Either way, a proper BMS installation would alert you to the problem. FWIW, my Think uses a combination of the 2 approaches, parallel pairs at the cell level and then parallel packs at the system voltage. Works well 

I'm not going into a BMS rant here, but nobody sells a rechargeable Li battery powered product without a BMS be it an EV, power tool, flashlight, cell phone or computer. Why is that?


----------



## Jayls5 (Apr 1, 2012)

major said:


> Either way, a proper BMS installation would alert you to the problem. FWIW, my Think uses a combination of the 2 approaches, parallel pairs at the cell level and then parallel packs at the system voltage. Works well
> 
> I'm not going into a BMS rant here, but nobody sells a rechargeable Li battery powered product without a BMS be it an EV, power tool, flashlight, cell phone or computer. Why is that?


Because companies have a vested interest in ensuring proper charge and discharge conditions of their battery. This increases the practical life of the cell for an uneducated consumer as well as reduces liability in the event of failure.


----------



## Karter2 (Nov 17, 2011)

Sunking said:


> ..... Leaf has a 60 AH battery that uses 3-20 AH cells in parallel. That makes no sense to me and asking for trouble.


??? Not quite..
The leaf has "modules" of 4, 33Ahr cells . configured 2S, 2P giving each module 66Ahr and 7.4 volts nominal with a center tap to enable cell level monitoring.


----------



## Sunking (Aug 10, 2009)

major said:


> I'm not going into a BMS rant here, but nobody sells a rechargeable Li battery powered product without a BMS be it an EV, power tool, flashlight, cell phone or computer. *Why is that?*


Two reasons as I have stated before:

1. To have the ability to take each cell to 100% SOC a BMS must be used. Unlike Lead Acid and some other battery chemistries a lithium cell stops passing current when fully charged. Thus when the first cell reaches 100%, charge current stops and cells below 100% stop charging. What us Off-Grid Solar designers discovered is we can use lithium without the added expense of a BMS and desire to extend battery cycle life by operating between 20 to 80% SOC. We can just about double the cycle life from 500 to 1000 cycles with that simple change in operation. It also alows us to use off the shelf charge controllers made for lead acid batteries.

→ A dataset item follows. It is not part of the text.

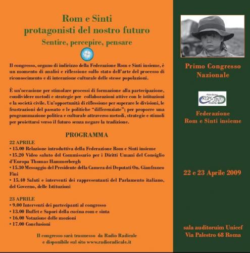 La Federazione Rom e Sinti, organismo politico delle minoranze Rom e Sinte, organizza a Roma in Via Palestro n. 68, sala convegni UNICEF, mercoledì 22 Aprile e giovedì 23 Aprile 2009 il primo congresso nazionale “Rom e Sinti, protagonisti del nostro futuro. Sentire, percepire, pensare” Promosso per la prima volta in Italia, il congresso si pone come organo di indirizzo della federazione e quale momento di analisi e riflessione sullo stato dell’arte del processo di riconoscimento e di interazione culturale con Rom e Sinti, con l’obiettivo di aprire un confronto per stimolare i processi di formazione alla partecipazione (capacity building), per condividere strategie e metodologie di collaborazione attiva con il livello istituzionale e la società civile.

2. Simple Marketing of the Up-Sale, and to CYA on battery system warranty. Example a Drill or any gizmo that comes as a system. It takes a BMS to get the battery up to 100% SOC, and there is no access to the batteries to manually balance on occasion when needed. 

You don't need a BMS in a golf cart. Leaving it out allows you to use a standard golf cart charger, and we don't need 100% SOC for maximum range. 3 trips around the golf course is plenty, and going to 4 trips (100% SOC) shortens battery lifeAccessing the batteries in a golf cart is simple as lifting the seat up on hinges. 

I am certainly not saying you should not use a BMS, I am just saying it is not needed and an unnecessary expense that can be avoided if you understand what is going on and do periodic checks. 

Personally I can afford a BMS. I can also afford not to use one. Simple Economics from the User POV, not the manufacture. I work on both sides of the table.


----------



## major (Apr 4, 2008)

Sunking said:


> What us Off-Grid Solar designers discovered is we can use lithium without the added expense of a BMS and desire to extend battery cycle life by operating between 20 to 80% SOC. We can just about double the cycle life from 500 to 1000 cycles with that simple change in operation. It also alows us to use off the shelf charge controllers made for lead acid batteries.


So what I read here is that you use only 60% of the charge meaning that you have purchased and installed nearly double the capacity of battery that you really needed. Then you are happy about 1000 cycles when a properly sized and managed Lithium battery can be validated to 3000 cycles. Sorry, I just don't get it. Appears to me that you go to great lengths and suffer economically just in the quest to avoid the BMS 

I have some small vehicle and non vehicle Lithium battery installations around here running without a BMS. But I personally monitor those frequently, especially when charging. I would never sell one or let one out of my control for use. Yeah, like you say, when everything works well you don't need a BMS. But when something stops working well, which is inevitable, you're going to have a problem and that could be very serious, even lethal. That's what's bugs me about folks who advocate rechargeable Lithium battery installations without BMS


----------



## azdeltawye (Dec 30, 2008)

major said:


> … Yeah, like you say, when everything works well you don't need a BMS. But when something stops working well, which is inevitable, you're going to have a problem and that could be very serious, even lethal. That's what's bugs me about folks who advocate rechargeable Lithium battery installations without BMS


 
Very well said Major!


 Drives me crazy when all these anti-BMS folks think EV Lithium battery systems are infallible…


----------



## Sunking (Aug 10, 2009)

major said:


> So what I read here is that you use only 60% of the charge meaning that you have purchased and installed nearly double the capacity of battery that you really needed.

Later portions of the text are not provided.